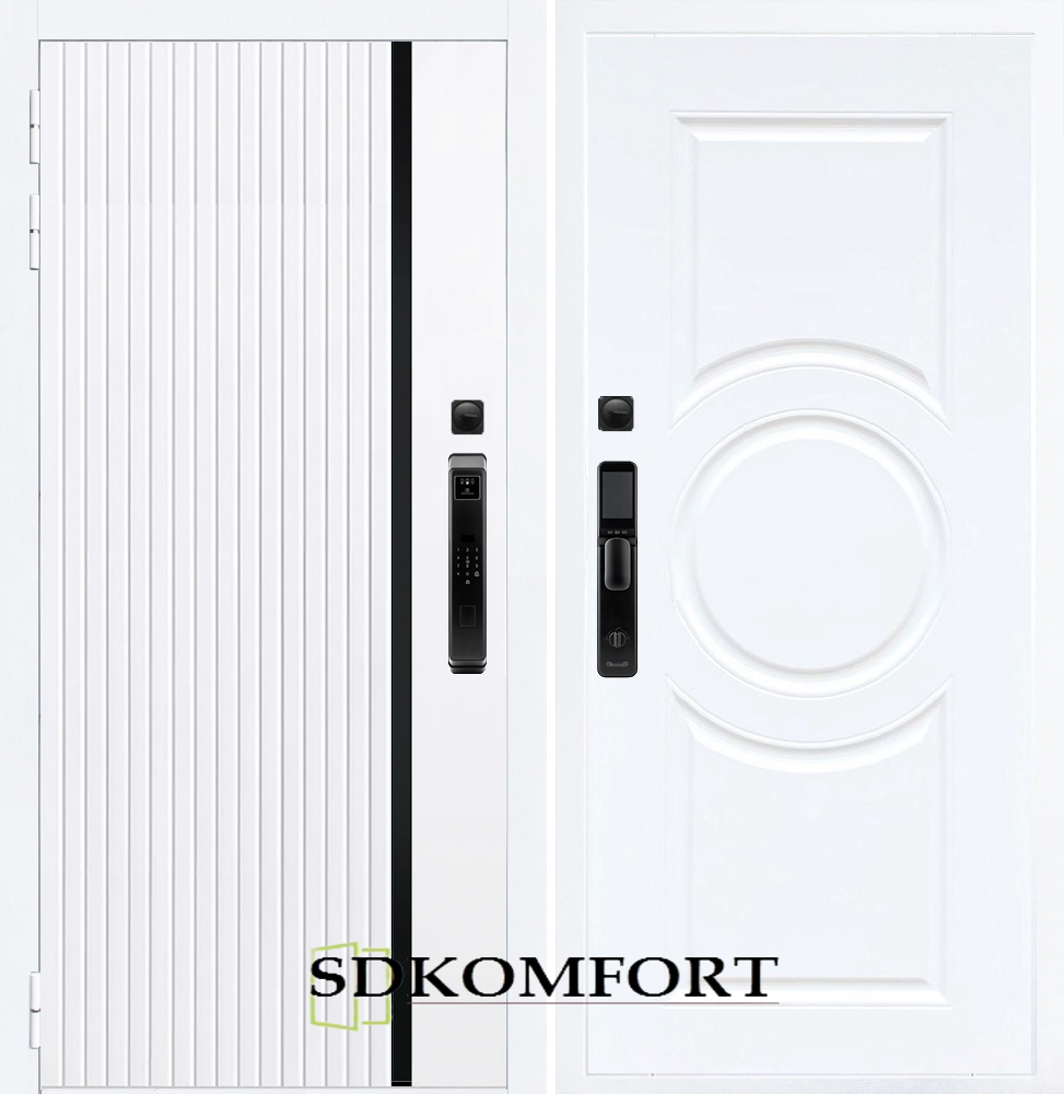 Внешняя сторона : Лист металла 1.8мм. + МДФ 12мм. Цвет "Белый Матовый"
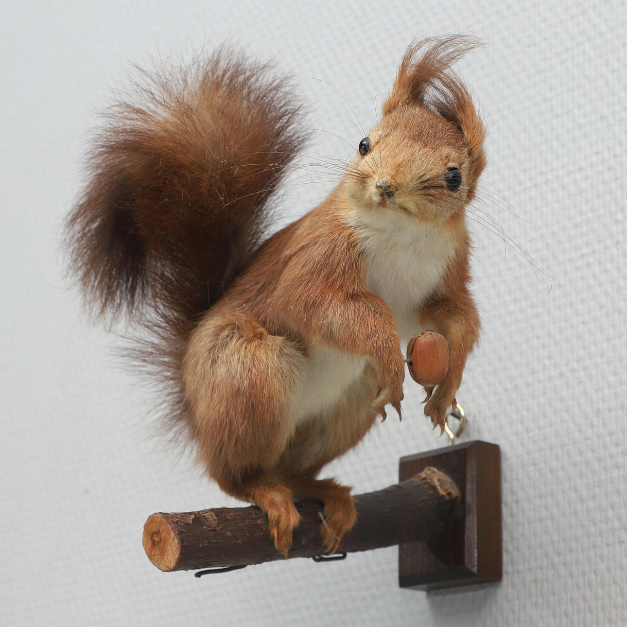 Surface dirt, age wear. The stick slightly oblique, the nut has a crack.
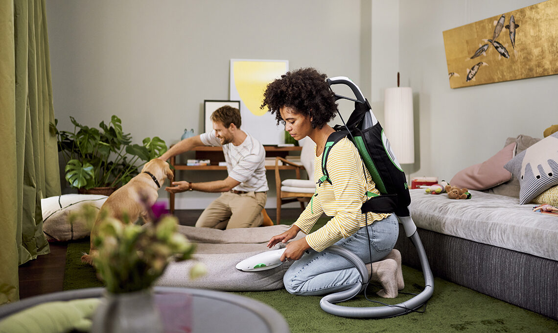 La spazzola elettrica per imbottiti Folletto PB440 S in combinazione con il sistema di pulizia Folletto VK220 S è la soluzione ideale per una pulizia accurata di divani, poltrone, materassi e anche degli interni dell'auto liberandoli da polvere, batteri, acari e peli di animali.
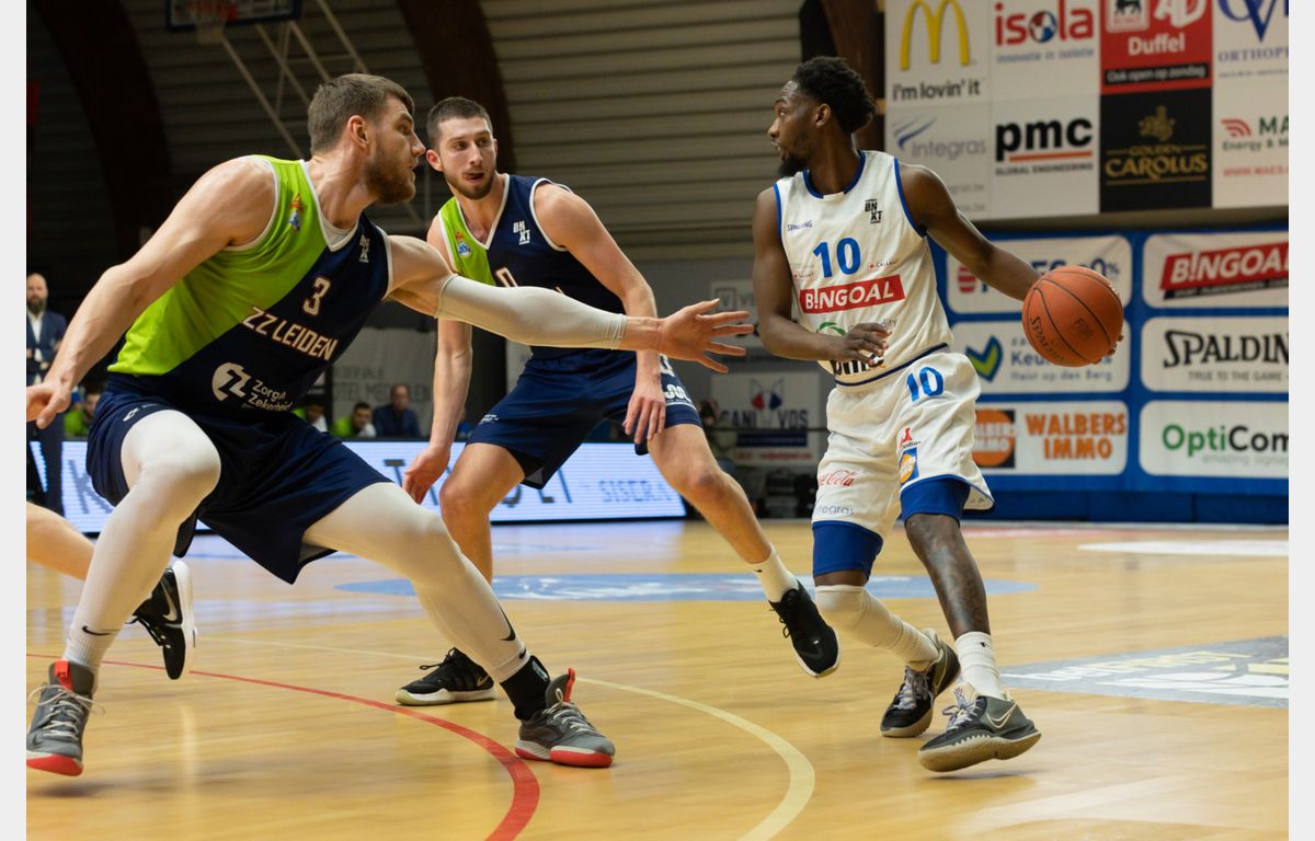 Luuk van Bree was na afloop van het spannende duel duidelijk. “We begonnen te slap aan de wedstrijd”, zei hij voor de camera’s van Ziggo Sport. Daar was niets aan gelogen. In de eerste vier minuten wist Zorg en Zekerheid Leiden nog gelijke tred te houden met Kangoeroes Basket Mechelen, waar de jonge Nederlander Jesse Waleson een goede pot neerzette met 12 punten. Van 8-10 liep de Belgische formatie door naar een 20-12 voorsprong. Zorg en Zekerheid Leiden was slordig en zag de achterstand in het eerste kwart zelfs oplopen naar 12 punten (26-14). Via scores van Worthy de Jong en Jhonathan Dunn werd het eerste kwart bij 28-18 afgesloten.
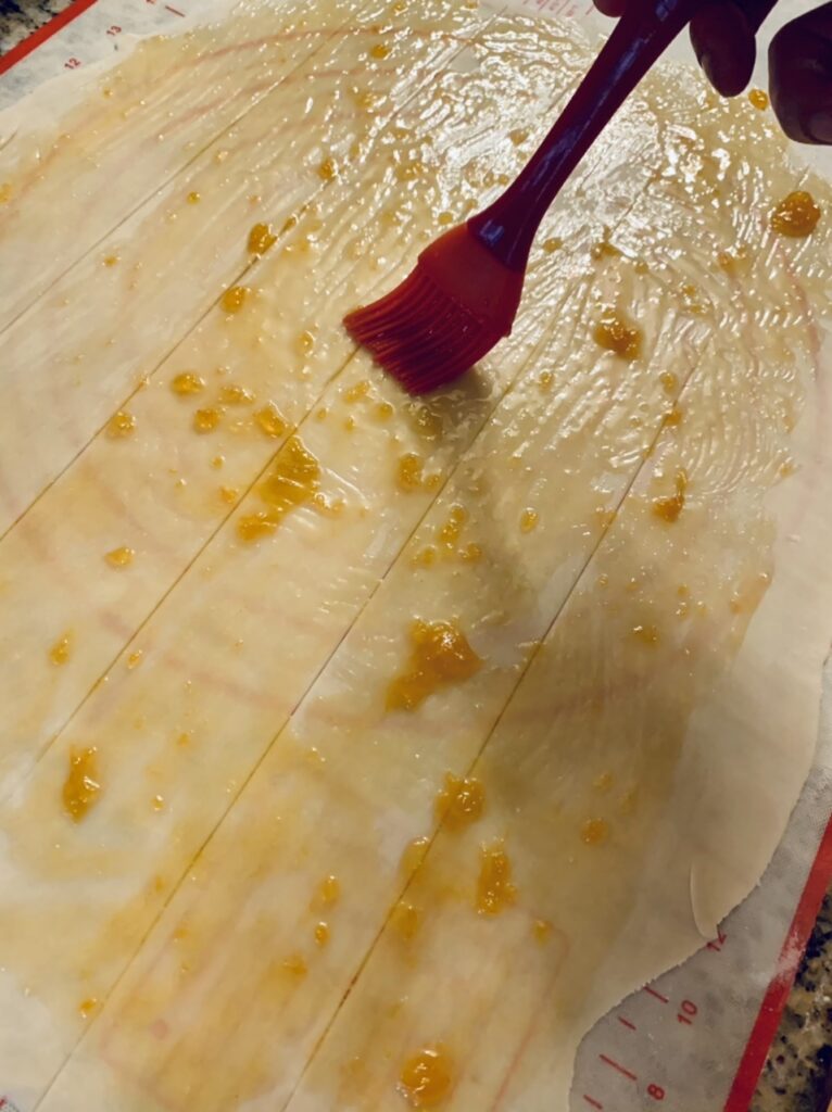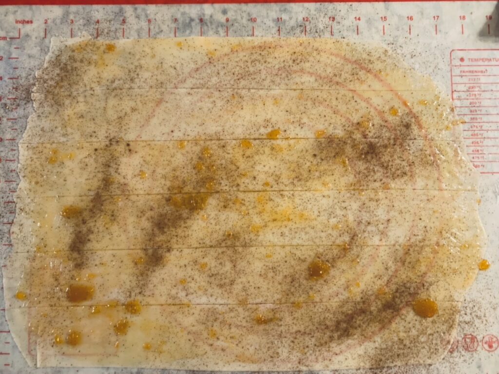 Next, brush jam thoroughly over the strips of dough. Lightly sprinkle the entire dough with cinnamon (optional).
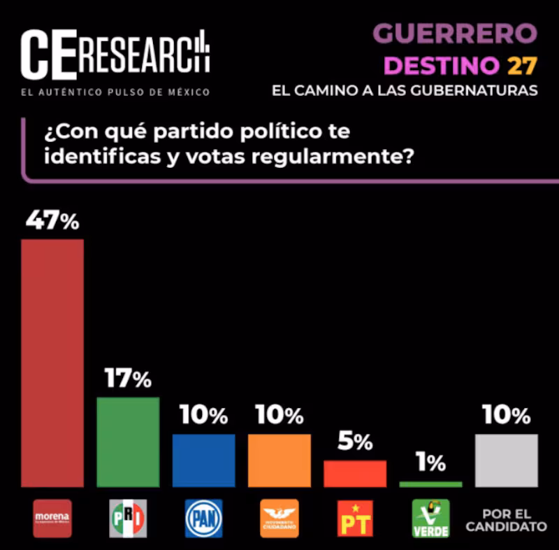Los datos de C&E Research confirman la tendencia: Morena lidera en 11 estados, entre ellos Guerrero (47%), Tlaxcala (45%), Sinaloa (42%) y Michoacán (40%).
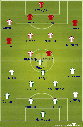 доволен действиями своей команды. Наверняка не случится большого количества изменений в составе по сравнению с первым поединком. Есть шансы увидеть сегодня на поле главную звезду Волыни прошлого сезона Майкона, ведь вчера за молодежный состав играли Савич и Павлов, а значит альтернативы основной паре форвардов первого тура Суботич - Шумахер не остается. А вообще ни одного изменения по сравнению с первым туром ждать не приходится.

---

• _Exercise instructions_:
Reproduce only the lines of the records from the start up to and including the line that holds "La spazzola elettrica"; do not carry over any picture.

• _Task output_:
 Внешняя сторона : Лист металла 1.8мм. + МДФ 12мм. Цвет "Белый Матовый"
 Surface dirt, age wear. The stick slightly oblique, the nut has a crack.
 La spazzola elettrica per imbottiti Folletto PB440 S in combinazione con il sistema di pulizia Folletto VK220 S è la soluzione ideale per una pulizia accurata di divani, poltrone, materassi e anche degli interni dell'auto liberandoli da polvere, batteri, acari e peli di animali.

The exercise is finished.